* _Assignment_:
Please give the lines below again exactly as they stand, from the one that contains "2年生の4時間目は国語の授業" up to and including the one that contains "1028pink-M AG Tragetasche", leaving all pictures out.

---------- The data ----------

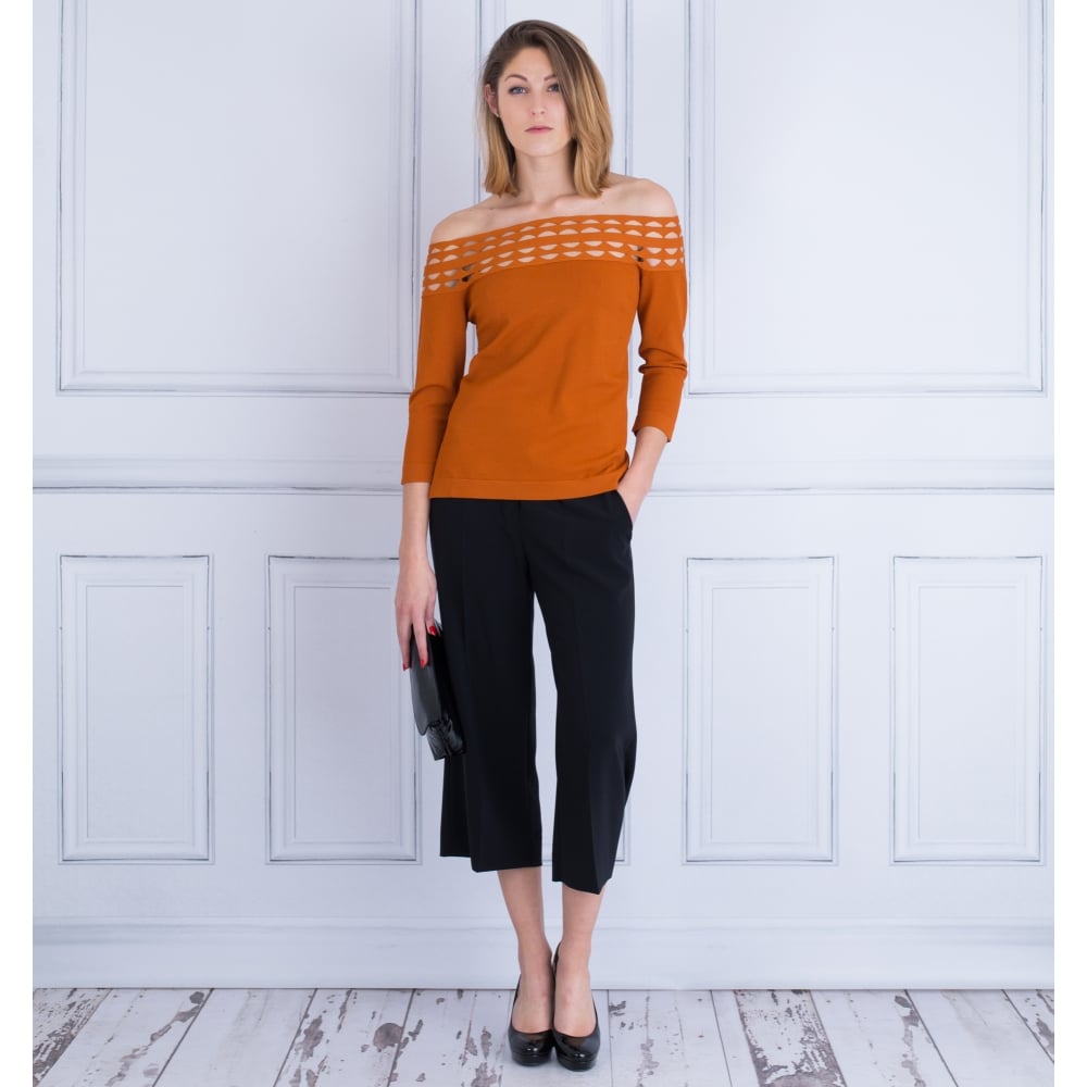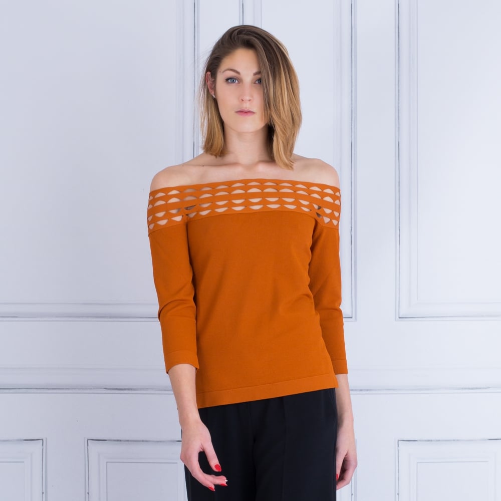 D.Exterior Off Shoulder Bardot Cut Out Jumper Burnt Orange
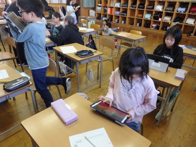 2年生の4時間目は国語の授業でした。漢字のテストを行っていました。終わった子からタブレットで学習したり、読書したりして過ごしていました。
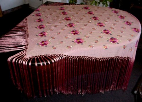 EMBROIDERED VINTAGE PIANO SHAWL: Flowers on rose pink ground. Approx. 45" x 48" plus 18" fringe. Good condition, with no visible holes or rips. | 120 |
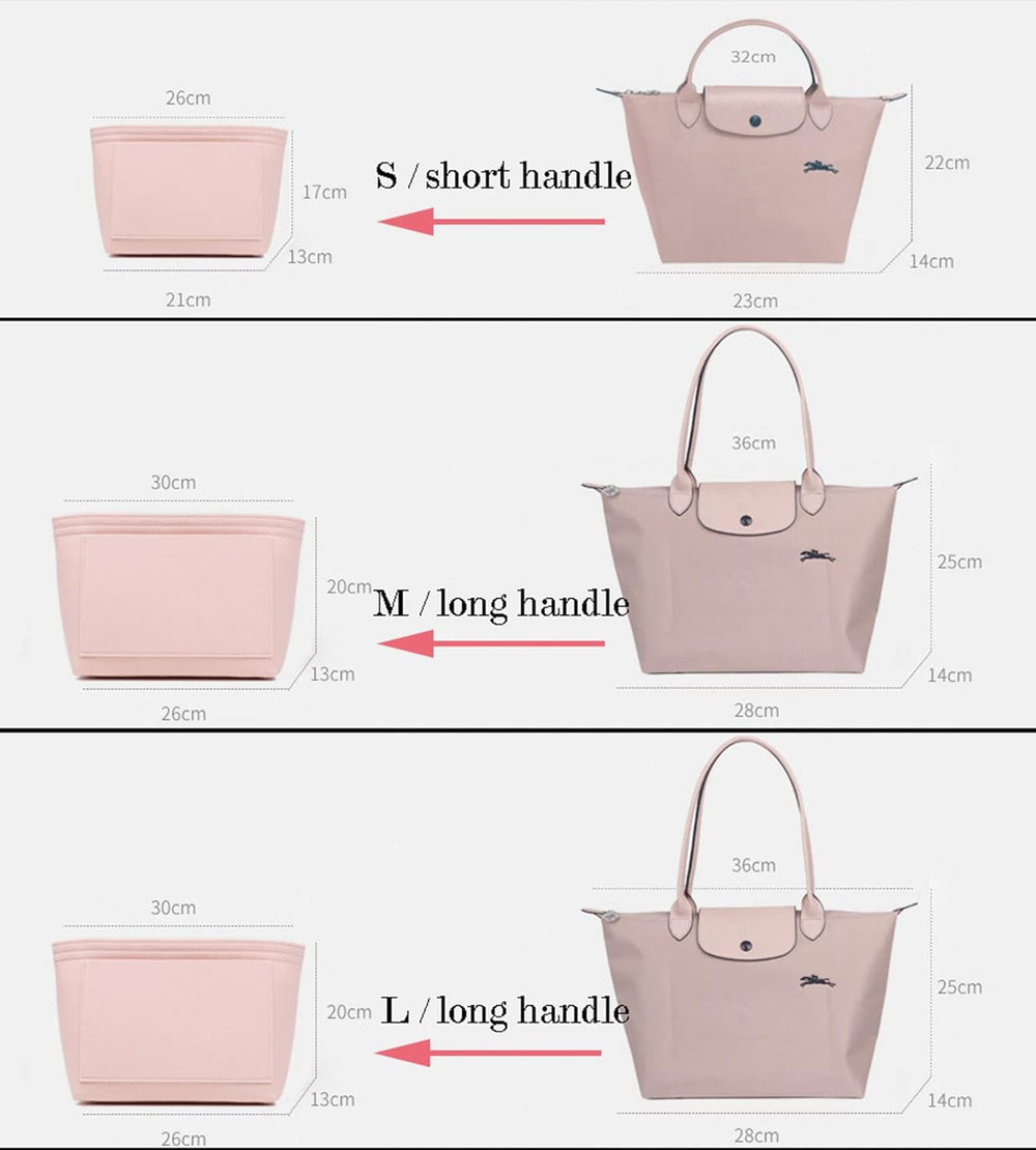1028pink-M AG Tragetasche für Longchamp Le Pliage, grosse Tragetasche, Filz, Geldbörse, Reissverschl
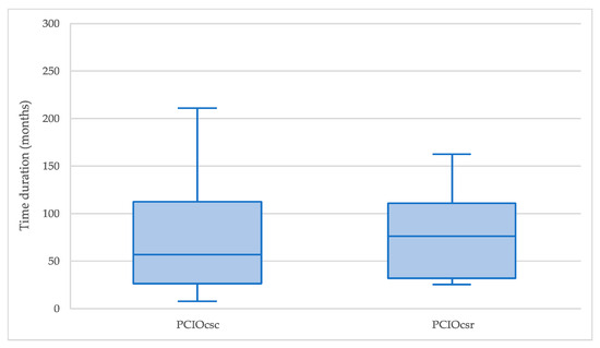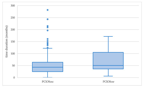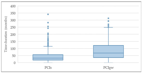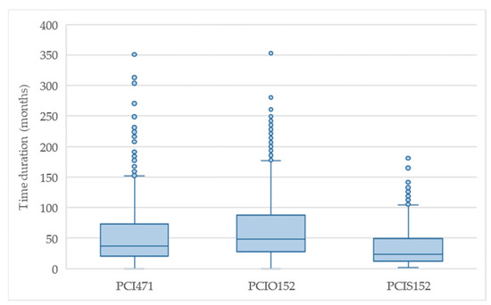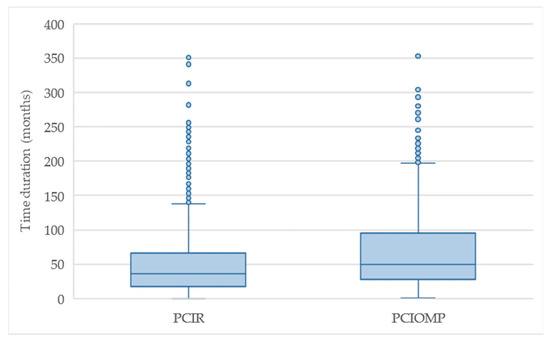 The PCIR and PCIOMP medians (respectively 36.3 and 49.3 months; Figure 4) are statistically different (p-value less than 0.05) at the 95% confidence level; the difference is even more significant when comparing the 75th percentile (66.0 and 95.5 months). The PCIR duration distribution (percentiles) is systematically lower than PCIOMP. According to the Kolmogorov–Smirnov test, it was identified that the maximum distance is 0.18 with the p-value less than 0.05, and the two distributions are significantly different between them at a 95% confidence level.

----------

* _Written answer_:
 2年生の4時間目は国語の授業でした。漢字のテストを行っていました。終わった子からタブレットで学習したり、読書したりして過ごしていました。
 EMBROIDERED VINTAGE PIANO SHAWL: Flowers on rose pink ground. Approx. 45" x 48" plus 18" fringe. Good condition, with no visible holes or rips. | 120 |
1028pink-M AG Tragetasche für Longchamp Le Pliage, grosse Tragetasche, Filz, Geldbörse, Reissverschl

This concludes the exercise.